I had another interaction with a couple in their forties with a similar story – they too had parked all their investments in property. Four, to be precise. The rest of their money lay in their savings account.

A recent email from a client mentioned that “I am also actively considering investing in real estate – sometime after July next year by re-allocating funds from the MF portfolio… as real estate tends to provide the best long term appreciation.”

We have been taught to ‘invest in property and LIC policies, as their value never goes down and will always fetch you positive returns’.

In the cases I have listed above, and plenty more, property is only investment asset class. There seems to be a craze for buying property so much so that we tend to lose focus on all other forms of investments. This has been further ‘confirmed’ by the boom in real estate over the past 7-8 years.

Disadvantage of investing only in property:

  • The biggest disadvantage with real estate is that it is an illiquid investment.
  • You need to spend on its maintenance and also pay taxes and duties.
  • Speculation is rampant in the real estate industry. These speculators make lump-sum purchases during a boom, without bothering about the purchasing cost and the ongoing costs such as maintenance.

Now, I am not implying that real estate is a bad instrument for investment. But it becomes dangerous when it is the only asset class that one invests in. Here, of course, I should mention that the ‘first house’ (which is bought for the purpose of residence) is not being included assuming that it is not for resale.

With the ‘pressure’ created by real estate brokers and builders that the rates are going up every day, lay investors fall for the trap, thinking that it is now or never. With property prices sky-rocketing across urban and semi-urban areas, larger chunks of money are required to fund even the down-payment.
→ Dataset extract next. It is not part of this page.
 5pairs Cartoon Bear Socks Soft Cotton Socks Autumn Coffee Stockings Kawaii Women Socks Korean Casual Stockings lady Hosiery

For a salaried person, this may not always be easy.

A number of investors fall for the “initial payment of 10 percent only” trap. Without even calculating how they will service the balance down payment and subsequent equated monthly instalments (EMIs), people rush in in the hope of making a quick buck. They often sell-off the booking when the second instalment becomes due. This is a gamble which could go seriously wrong.

With financial planning and proper management, you can own your dream house.
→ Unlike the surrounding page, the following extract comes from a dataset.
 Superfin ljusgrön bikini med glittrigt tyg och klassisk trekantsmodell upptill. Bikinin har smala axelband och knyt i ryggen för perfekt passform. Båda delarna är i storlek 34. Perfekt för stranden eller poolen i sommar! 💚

A few points that one should keep in mind before investing only in property:

  1. Illiquid asset: Since it is an illiquid asset, it can have serious repercussions in case there is an emergency. Lack of liquidity can lead to a distress sale. If there is a medical emergency and you require a few lakh rupees, you would have no choice but to sell off the house (which could be worth  much more) to fund that immediate requirement.
  2. Property prices can fall: We have an innate ‘belief’ that the prices of property only go up. This is a generalised statement. It could always happen that the area / locality / city where you have purchased your property may not grow due to certain factors, beyond your control.
  3. Long-term returns may not be the best: Another strong notion that we carry is that property gives the best returns in the long term. Now this is true depending on your definition of ‘long-term’. If in your definition, long-term is 3-5 years, then you may be right. But it has been seen that over 25-30 year periods, equities have delivered the best returns. There are studies to prove this.
  4. Can affect your goals: Financial planning through property alone  is like putting all your eggs in one basket. It can affect meeting your goals since there may not be a buyer when you wish to sell, at the time of your goal.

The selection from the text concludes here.